10 µL plasma is diluted to 500 µL with mobile phase (IgY buffer) and loaded onto the depletion column (IgY-14) at 200 µL/min (25 °C), The flow-through is collected on the trap POROS column for 25 min (55 °C). The depletion column is then washed and equilibrated with the IgY elution buffer (1500 µL/min) using a triangle gradient of 0%–100% (5 min) and 100%–0% (15 min), followed by equilibration for 15 min. The total cycle time is 60 min.

After the proteins are immobilized on the trap derivatization is performed using (25 mM dithiothreitol followed by 100 mM iodoacetamide injected manually via syringes (50 µL/min for 2 min), and incubated for 10 min each (55 °C). After desalting the RP chromatography was performed and proteins are eluted by the following acetonitrile gradient (200 µL /min, 55 °C, pH3): 0% for 3 min, 0%–30% (1 min), 30%–60% (15 min), 60%–90% (0.1 min), 90%–95% (5 min), 95% (10 min), 95%–0% (0.1 min) and 0% (10 min). Separation column Agilent MRP-C18 (2.1 × 75 mm) was used and 10 fractions collected, within the total cycle time of 45 min. Using this protocol operating pressures should not exceed 25 bar. The efficiency of the automated derivatization protocol was compared to the manual method. The LC-MS analyses of digests revealed the number of alkylated peptides was equal and with lower level of miss-cleavages [28].

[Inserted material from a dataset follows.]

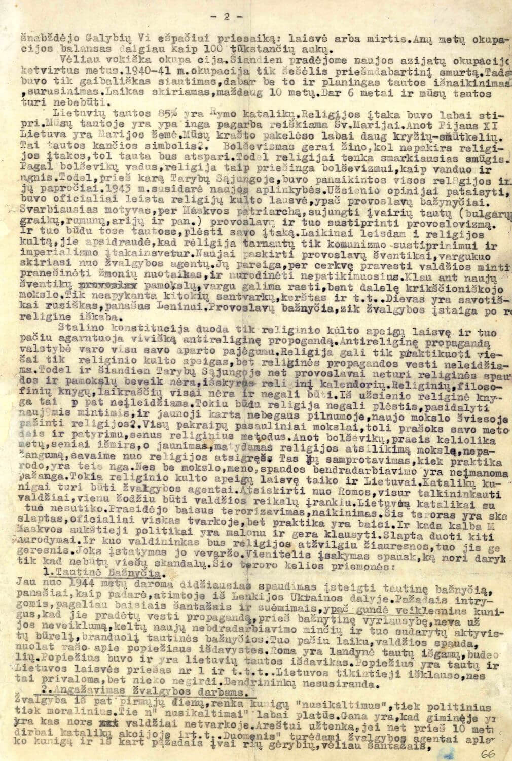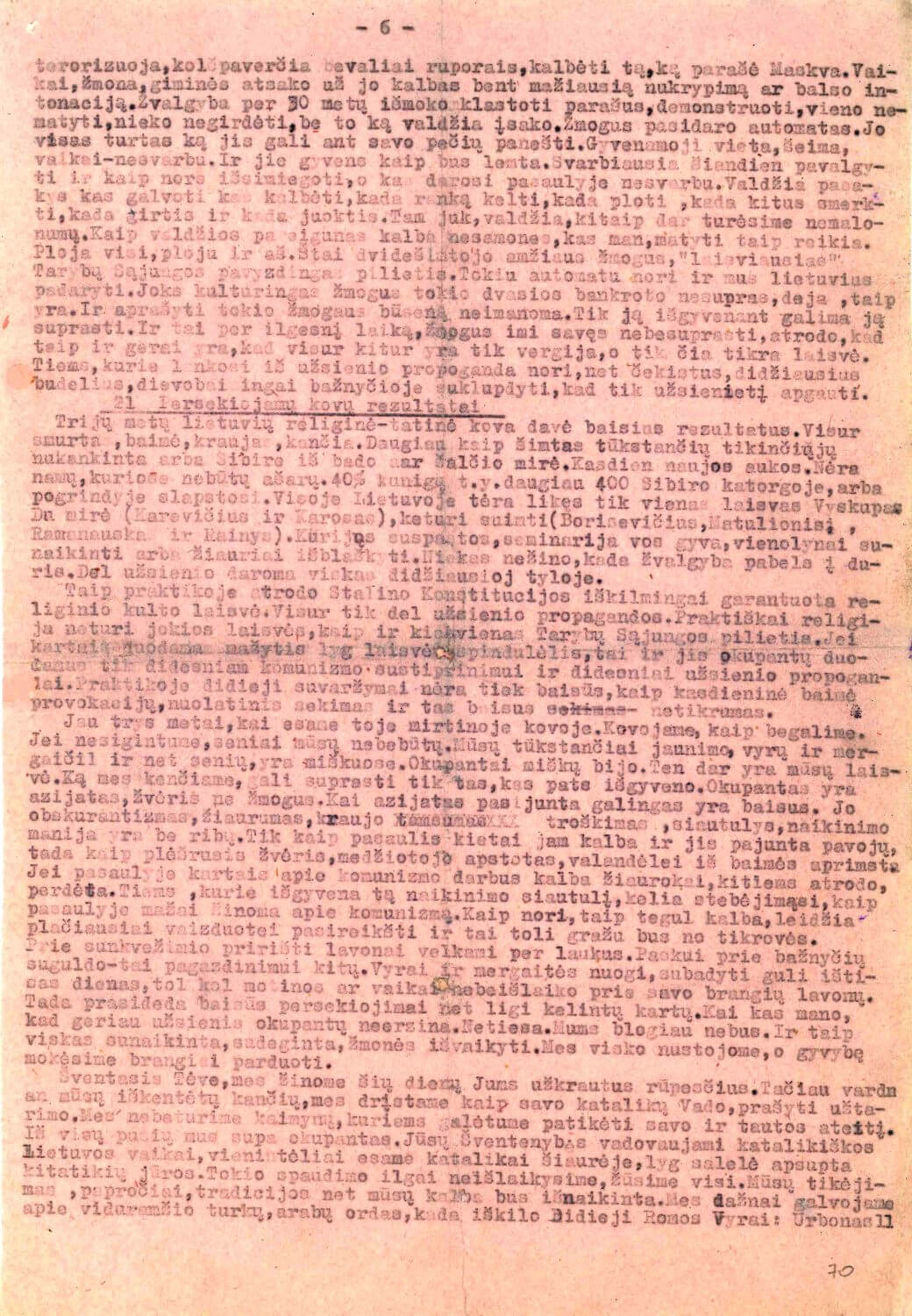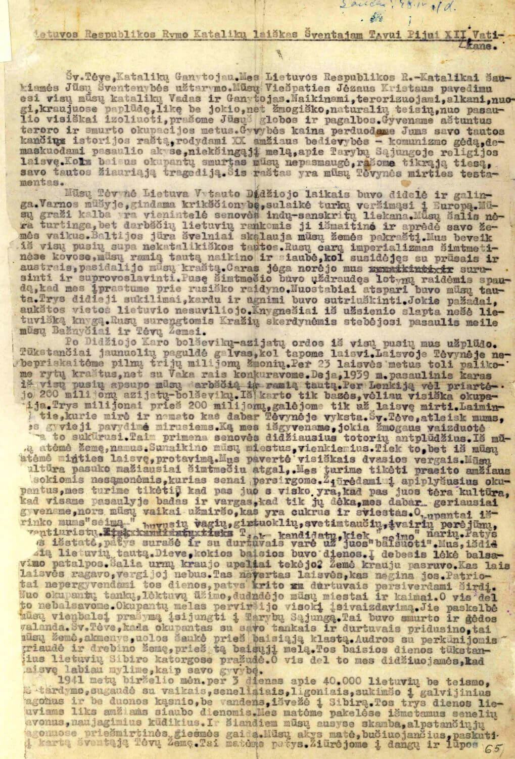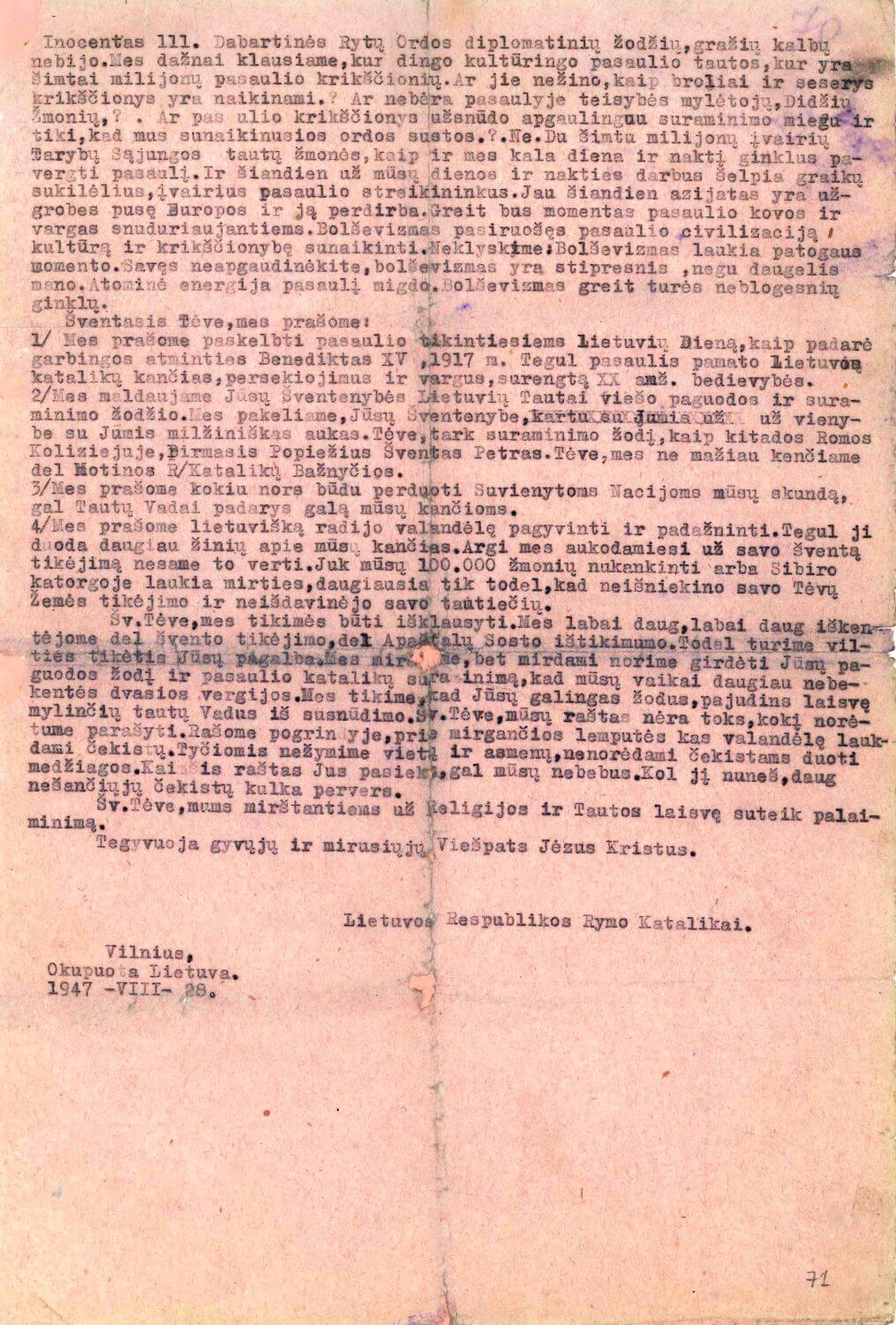 Lietuvos Respublikos Romos katalikų laiškas Popiežiui Pijui XII, kuriame aprašoma sovietų valdžios persekiojama Katalikų bažnyčia ir prašoma užtarimo bei palaimos. Laiško autorius kun. Juozas Stankūnas. 1947 m.

2.2. Standard Plasma Preparations

To benchmark the automated platform in terms of sensitivity, two additional non-automated sample preparations were performed. The first analysis used 1 µL plasma using standard protocol as described above. In a second approach, further fractionation was achieved by depleting the SepproIgY-14 depleted material using a Seppro SuperMix column, depleting approximately 99% of the plasma protein mass. This material was subsequently fractionated by RP separation in to 20 fractions.

2.3. Nano-Flow Liquid Chromatography and Mass Spectrometry

The LC-MS measurements were performed on a LTQ-Orbitrap (Thermo Electron, Bremen, Germany), coupled to an Ultimate 3000 nano-flow chromatographer (LC-Packings, Amsterdam, The Netherlands). Peptides were separated on an in-house packed PicoTip nano-column (FS360-75-8-N-5-C20, New Objective, USA) using Reprosil-Pur C18-AQ (Dr. Maisch, Germany, particle size 3 µm). reversed phase material of 75 µm ID and the length of 15 cm.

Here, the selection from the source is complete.